I'm looking forward for your answers, suggestions and ideas :)
Regards
Sven
[1]: http://lucene.apache.org/solr/api/org/apache/solr/schema/ExternalFileField.html
Re: AW: How to deal with many files using solr external file field
Posted by Chris Hostetter <ho...@fucit.org>.
: We took a deeper look at what happened, when an "external-file-field"-Request is sent to SOLR:
:
: * SOLR looks if there is a file for the requested query, e.g. "trousers"
Something smells fishy here.
ExternalFileField is designed to let you load values for a field (for use
in functions) from a file where the file name is determined from the field
name
If ExternalFileField is trying to load a file named "external_trousers"
that means your query is attempting ot use "trousers" as a *field* ...
that doesn't sound right.
based on your description of the memory blow up you are seeing, it sounds
like you are using the user's query string as a (dynamic?) field name and
none of these external_${query} files exist -- that's not really the
intended usage.
Can you clarify a bit more what exactly your goal is? This smells like an
XY Problem (my gut reaction is that you might actaully be wanting to
use QueryElevationComponent instead of ExternalFileField)...
http://people.apache.org/~hossman/#xyproblem
XY Problem
Your question appears to be an "XY Problem" ... that is: you are dealing
with "X", you are assuming "Y" will help you, and you are asking about "Y"
without giving more details about the "X" so that we can understand the
full issue. Perhaps the best solution doesn't involve "Y" at all?
See Also: http://www.perlmonks.org/index.pl?node_id=542341
-Hoss
Re: AW: How to deal with many files using solr external file field
Posted by Martin Grotzke <ma...@googlemail.com>.
Hi,
as I'm also involved in this issue (on the side of Sven) I created a
patch, that replaces the float array by a map that stores score by doc,
so it contains as many entries as the external scoring file contains
lines, but no more.
I created an issue for this: https://issues.apache.org/jira/browse/SOLR-2583
It would be great if someone could have a look at it and comment.
Thanx for your feedback,
cheers,
Martin
On 06/08/2011 12:22 PM, Bohnsack, Sven wrote:
> Hi,
>
> I could not provide a stack trace and IMHO it won't provide some useful information. But we've made a good progress in the analysis.
>
> We took a deeper look at what happened, when an "external-file-field"-Request is sent to SOLR:
>
> * SOLR looks if there is a file for the requested query, e.g. "trousers"

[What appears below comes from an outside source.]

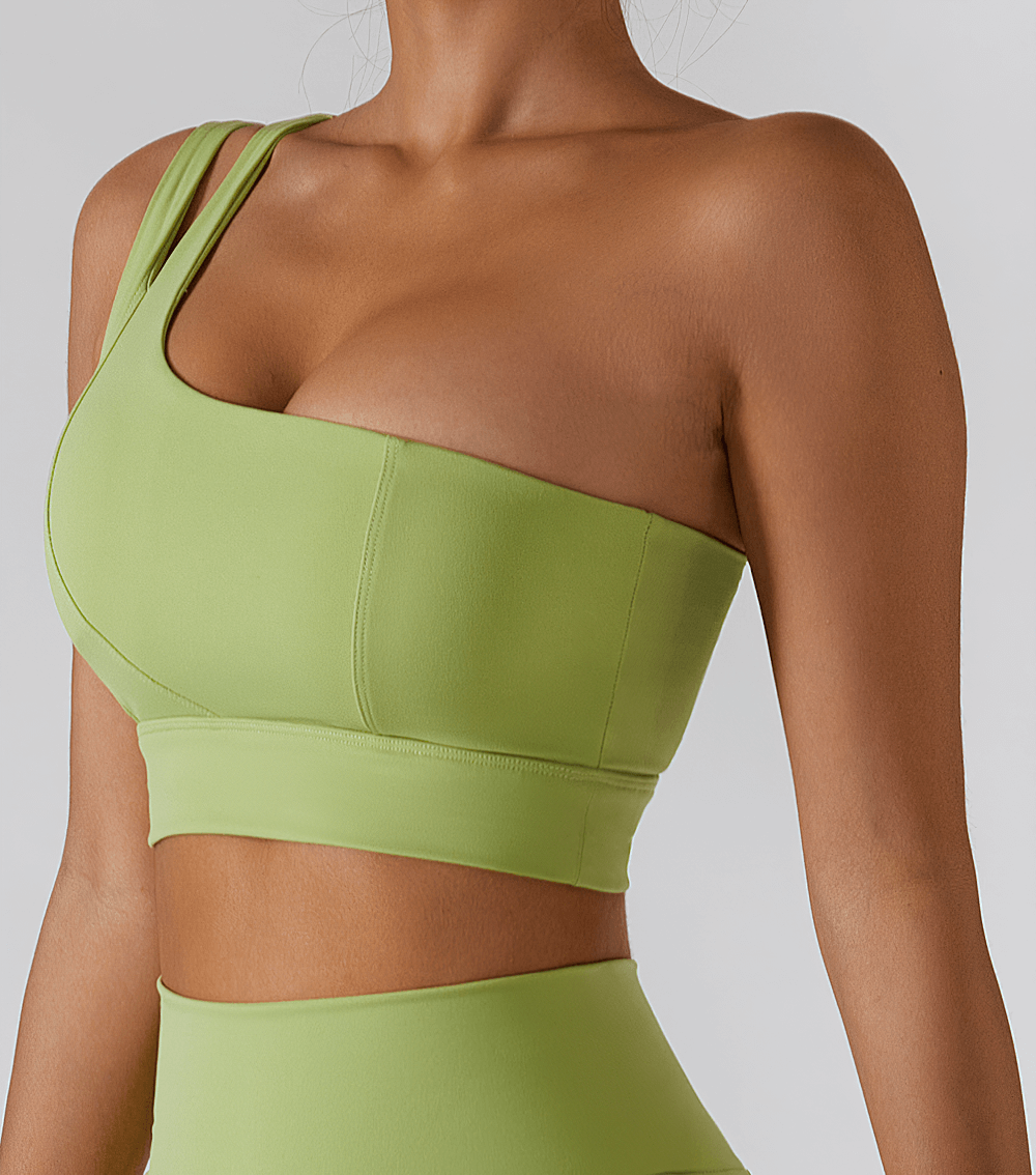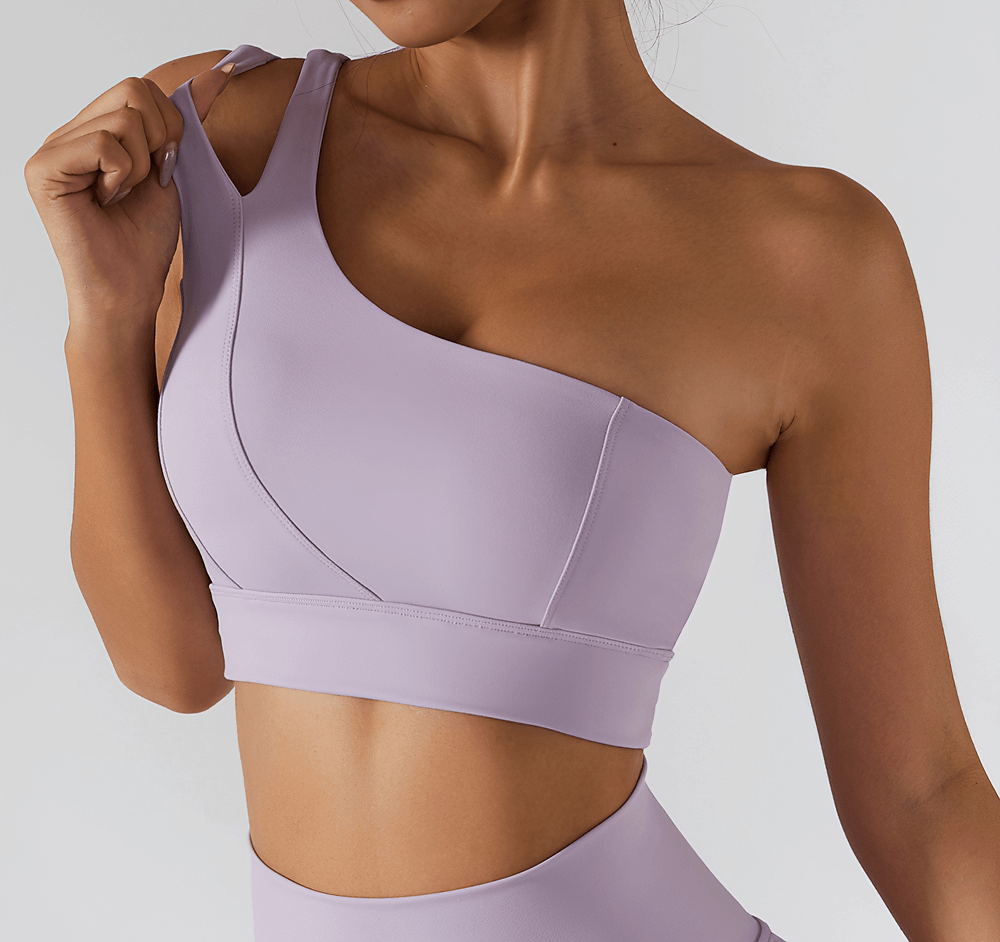 Elevate your workout with this one-shoulder sports bra, crafted from nylon and spandex for a breathable, supportive fit. Perfect for running, yoga, cycling, and fitness trends, this sleek design ensures durability and freedom of movement. Featuring a push-up effect and versatile seasonal wear, it is your go-to bra for sports or athleisure. Stay stylish and supported during every activity.

> * If so, then SOLR loads the "trousers"-file and generates a HashMap-Entry consisting of a FileFloatSource-Object and a FloatArray with the size of the number of documents in the SOLR-index. Every document matched by the query gains the score-value, which is provided in the external-score-file. For every(!) other document SOLR writes a zero in that FloatArray
> * if SOLR does not find a file for the query-Request, then SOLR still generates a HashMapEntry with score zero for every document
>
> In our case we have about 8.5 Mio. documents in our index and one of those Arrays occupies about 34MB Heap Space. Having e.g. 100 different queries and using external file field for sorting the result, SOLR occupies about 3.4GB of Heap Space.
>
> The problem might be the use of WeakHashMap [1], which prevents the Garbage Collector from cleaning up unused Keys.
>
>
> What do you think could be a possible solution for this whole problem? (except from "don't use external file fields" ;)
>
>
> Regards
> Sven
>
>
> [1]: "A hashtable-based Map implementation with weak keys. An entry in a WeakHashMap will automatically be removed when its key is no longer in ordinary use. More precisely, the presence of a mapping for a given key will not prevent the key from being discarded by the garbage collector, that is, made finalizable, finalized, and then reclaimed. When a key has been discarded its entry is effectively removed from the map, so this class behaves somewhat differently than other Map implementations."
>
> -----Ursprüngliche Nachricht-----
> Von: mtnest46@gmail.com [mailto:mtnest46@gmail.com] Im Auftrag von Simon Rosenthal
> Gesendet: Mittwoch, 8. Juni 2011 03:56
> An: solr-user@lucene.apache.org
> Betreff: Re: How to deal with many files using solr external file field
>
> Can you provide a stack trace for the OOM eexception ?
>
> On Tue, Jun 7, 2011 at 4:25 PM, Bohnsack, Sven
> <Sv...@shopping24.de>wrote:
>
>> Hi all,
>>
>> we're using solr 1.4 and external file field ([1]) for sorting our
>> searchresults. We have about 40.000 Terms, for which we use this sorting
>> option.
>> Currently we're running into massive OutOfMemory-Problems and were not
>> pretty sure, what's the matter. It seems that the garbage collector stops
>> working or some processes are going wild. However, solr starts to allocate
>> more and more RAM until we experience this OutOfMemory-Exception.
>>
>>
>> We noticed the following:
>>
>> For some terms one could see in the solr log that there appear some
>> java.io.FileNotFoundExceptions, when solr tries to load an external file for
>> a term for which there is not such a file, e.g. solr tries to load the
>> external score file for "trousers" but there ist none in the
>> /solr/data-Folder.
>>
>> Question: is it possible, that those exceptions are responsible for the
>> OutOfMemory-Problem or could it be due to the large(?) number of 40k terms
>> for which we want to sort the result via external file field?
>>
>> I'm looking forward for your answers, suggestions and ideas :)
>>
>>
>> Regards
>> Sven
>>
>>
>> [1]:
>> http://lucene.apache.org/solr/api/org/apache/solr/schema/ExternalFileField.html
>>
--
Martin Grotzke
http://twitter.com/martin_grotzke
AW: How to deal with many files using solr external file field
Posted by "Bohnsack, Sven" <Sv...@shopping24.de>.
Hi,
I could not provide a stack trace and IMHO it won't provide some useful information. But we've made a good progress in the analysis.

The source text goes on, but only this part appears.